### DATA SUPPLIED
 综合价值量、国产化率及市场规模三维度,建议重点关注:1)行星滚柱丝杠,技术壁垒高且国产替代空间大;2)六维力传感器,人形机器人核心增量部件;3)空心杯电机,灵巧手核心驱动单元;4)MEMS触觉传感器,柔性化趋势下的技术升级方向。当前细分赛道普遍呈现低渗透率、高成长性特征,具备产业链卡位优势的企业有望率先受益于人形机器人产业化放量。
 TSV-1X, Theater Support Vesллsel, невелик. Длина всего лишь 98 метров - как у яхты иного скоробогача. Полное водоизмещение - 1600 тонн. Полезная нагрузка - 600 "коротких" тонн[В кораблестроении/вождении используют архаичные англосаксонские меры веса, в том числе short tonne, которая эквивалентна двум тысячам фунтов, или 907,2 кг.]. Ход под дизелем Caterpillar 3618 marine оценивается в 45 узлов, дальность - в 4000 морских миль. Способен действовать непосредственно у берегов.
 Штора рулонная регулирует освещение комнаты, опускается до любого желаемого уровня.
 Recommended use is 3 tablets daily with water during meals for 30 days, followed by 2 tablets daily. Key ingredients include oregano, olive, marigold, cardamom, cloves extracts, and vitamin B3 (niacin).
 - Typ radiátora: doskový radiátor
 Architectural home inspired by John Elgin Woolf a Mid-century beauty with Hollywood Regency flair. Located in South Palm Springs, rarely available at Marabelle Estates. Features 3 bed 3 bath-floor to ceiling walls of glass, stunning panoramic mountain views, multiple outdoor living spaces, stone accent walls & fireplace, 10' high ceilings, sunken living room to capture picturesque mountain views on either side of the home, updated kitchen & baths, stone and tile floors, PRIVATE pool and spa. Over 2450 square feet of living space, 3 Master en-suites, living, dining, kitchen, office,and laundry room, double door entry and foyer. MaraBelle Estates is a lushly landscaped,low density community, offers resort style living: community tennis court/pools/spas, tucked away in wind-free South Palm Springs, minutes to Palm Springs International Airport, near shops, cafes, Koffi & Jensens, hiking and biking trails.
######
### DATA SUPPLIED
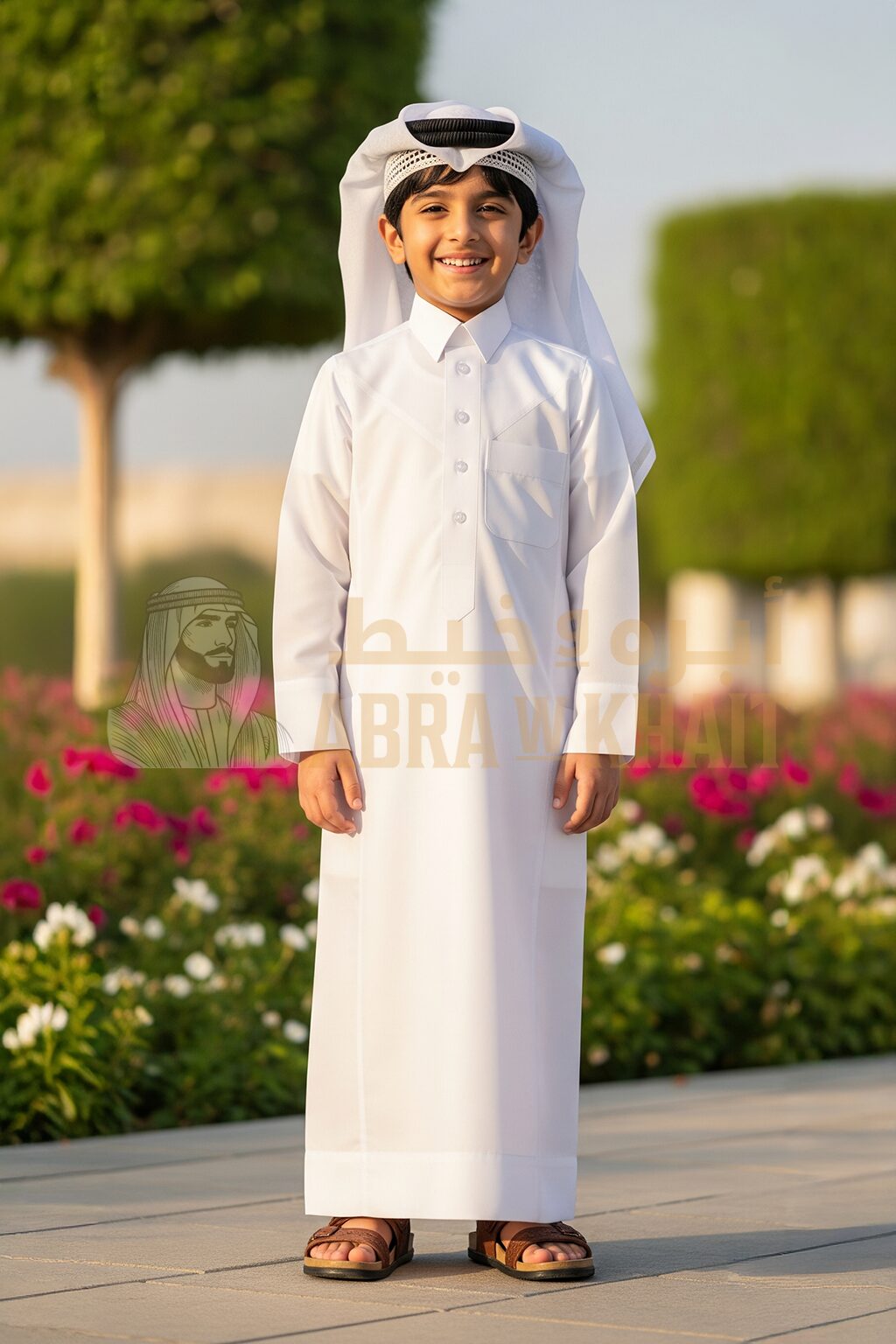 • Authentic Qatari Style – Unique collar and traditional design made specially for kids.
######
### DATA SUPPLIED
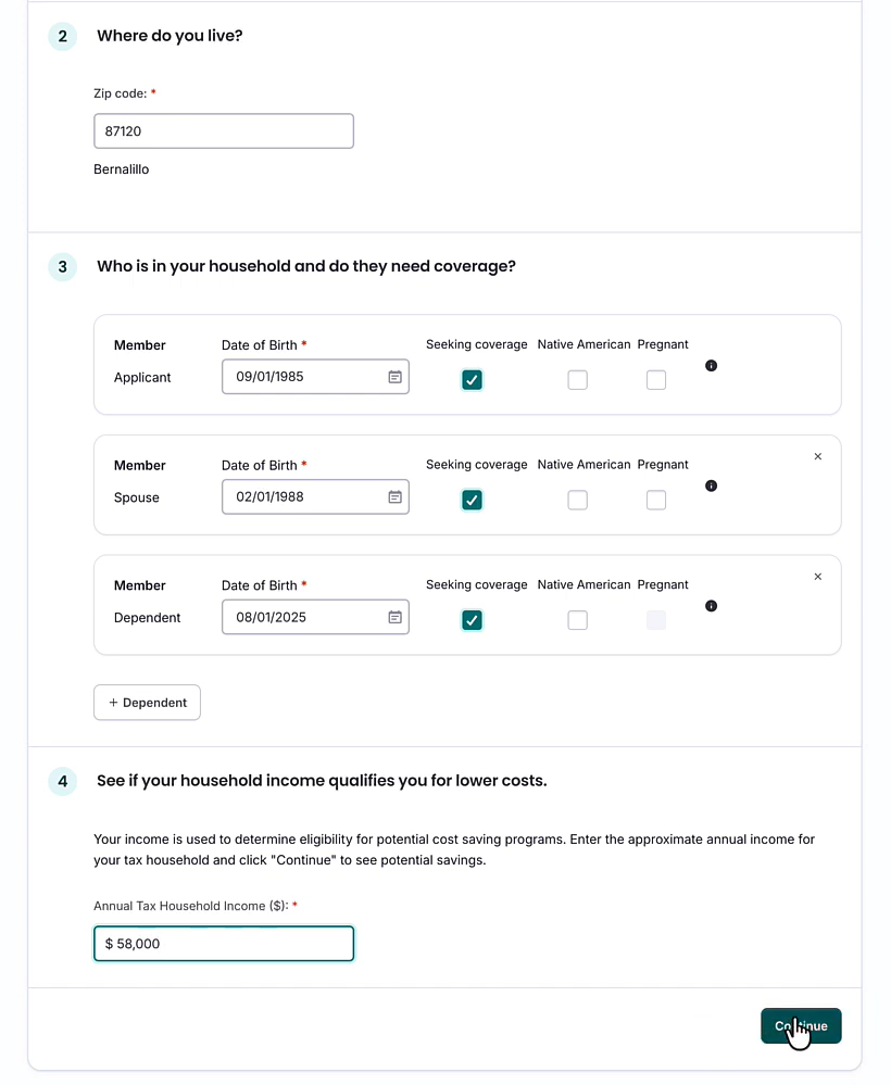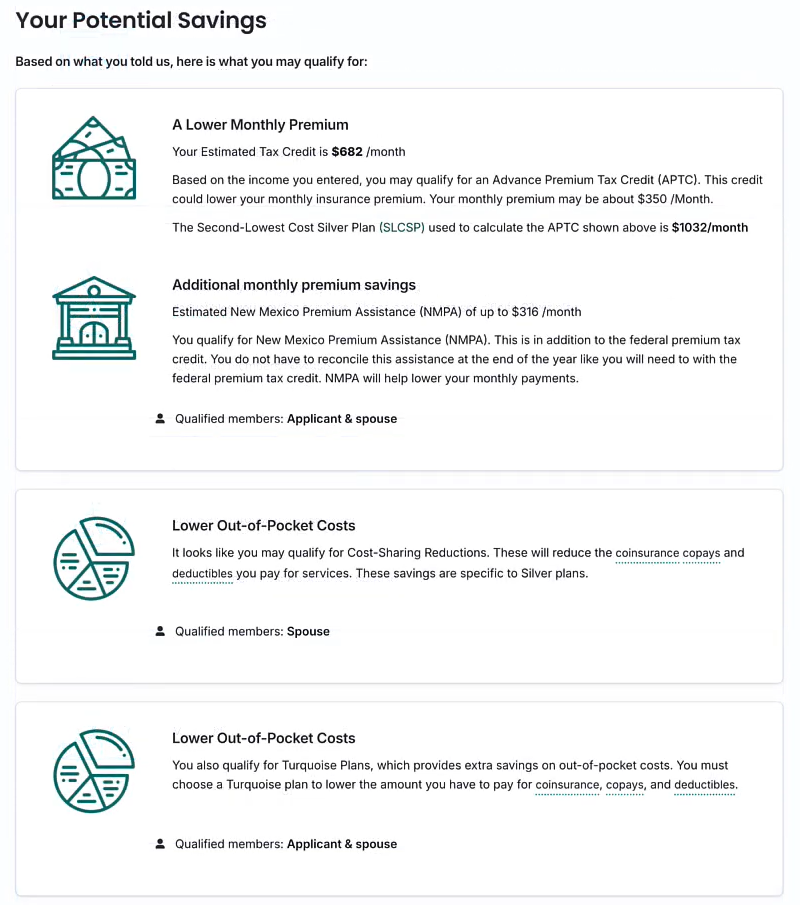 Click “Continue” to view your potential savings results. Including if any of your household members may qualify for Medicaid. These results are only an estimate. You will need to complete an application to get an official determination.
######
> _EXERCISE_: The required answer is the exact run of lines above starting at the line with "综合价值量、国产化率及市场规" and ending at the line with "Штора рулонная регулирует", with both ends present.

> _WORKED SOLUTION_:
 综合价值量、国产化率及市场规模三维度,建议重点关注:1)行星滚柱丝杠,技术壁垒高且国产替代空间大;2)六维力传感器,人形机器人核心增量部件;3)空心杯电机,灵巧手核心驱动单元;4)MEMS触觉传感器,柔性化趋势下的技术升级方向。当前细分赛道普遍呈现低渗透率、高成长性特征,具备产业链卡位优势的企业有望率先受益于人形机器人产业化放量。
 TSV-1X, Theater Support Vesллsel, невелик. Длина всего лишь 98 метров - как у яхты иного скоробогача. Полное водоизмещение - 1600 тонн. Полезная нагрузка - 600 "коротких" тонн[В кораблестроении/вождении используют архаичные англосаксонские меры веса, в том числе short tonne, которая эквивалентна двум тысячам фунтов, или 907,2 кг.]. Ход под дизелем Caterpillar 3618 marine оценивается в 45 узлов, дальность - в 4000 морских миль. Способен действовать непосредственно у берегов.
 Штора рулонная регулирует освещение комнаты, опускается до любого желаемого уровня.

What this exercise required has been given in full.